恋愛・夫婦の心理学

なかなか自分の長所を認められない理由を考える 〜感情のあり方から〜

なかなか自分の長所を認められないときってないですか?

自分の長所がわからない

長くカウンセリング活動をさせていただいているなかで、相当な数いただくご相談があります。

それが「自分を認めたほうがいいってわかっているんです。でもなかなか自分を良い存在だと認められなくて」というもの。

毎日真面目に頑張ってる。
ネットで調べた「自分を好きになる方法」にもチャレンジしてみた。
自分のための時間もちゃんと作っているつもり。
自分磨きにだってちゃんと意識を向けている。

なのに、なかなか自分の存在を肯定しきれないし、自分の長所を自分で認められない感じがしています。

そんなお声ですね。

このようなお話を伺うとき、僕としては「どうして自分の長所=価値を受け入れられないのか」という部分を見つめることも多いわけです。

もっと言えば

自分の価値を「受け入れたくないのか」

それとも「どうにも受け入れられない事情があるのか」という感じなんですけどね。

今日はそのあたりの話をコラムにまとめてみようと思います。

よろしければどうぞ。

もし、自分の長所を「受け入れたくない」のだとしたら

まず、「自分の長所を受け入れたくないと感じている」場合について考えていきます。

この場合、無意識的であっても自分の長所を受け入れたくないと感じているわけですから、

「自分の長所や良さを受け入れたら困る事情がある」

と考えてみてもいいかもしれません。

つまり、自分を良い存在だと思うことで成し遂げられなくなる何かがある、という感じです。

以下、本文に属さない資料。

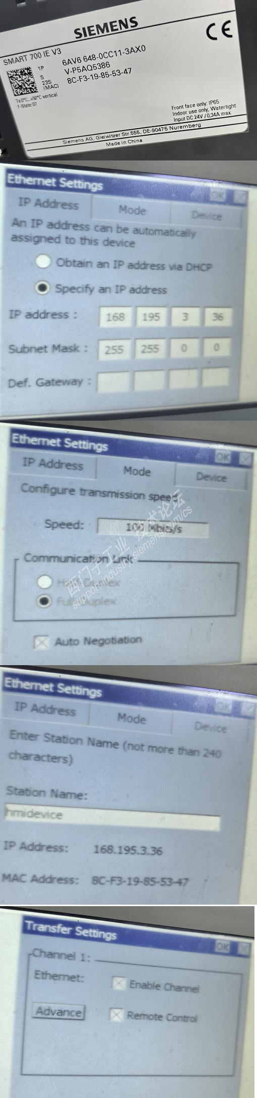 硬件:SMART 700IE V3触摸屏 (铭牌见附图)

逆に言えば、自分を悪く思うことで成し遂げられる何かがある、といいますかね。

具体例を上げて少し解説していきます。

具体例1:対人関係で生じた心の傷

例えば、とてもつらいいじめを経験をしたAさんという方がいたとしましょう。

その方はただ真面目に学校に行っていただけなのに、急にクラスのメンバーからひどいいじめを受けたとのこと。

すると、Aさんは可能な限りいじめられないようにと考えはじめ、できるだけ目立たないように、自己主張をしないようになっていきました。

それでいじめがおさまったわけではないけれど、自分を自分で押さえつけていないと何が起きるか分からず怖くて仕方がなかったのです。

この経験がAさんに大きな影響を与え、いつしかAさんは自分を認めるという意識を持たないようになりました。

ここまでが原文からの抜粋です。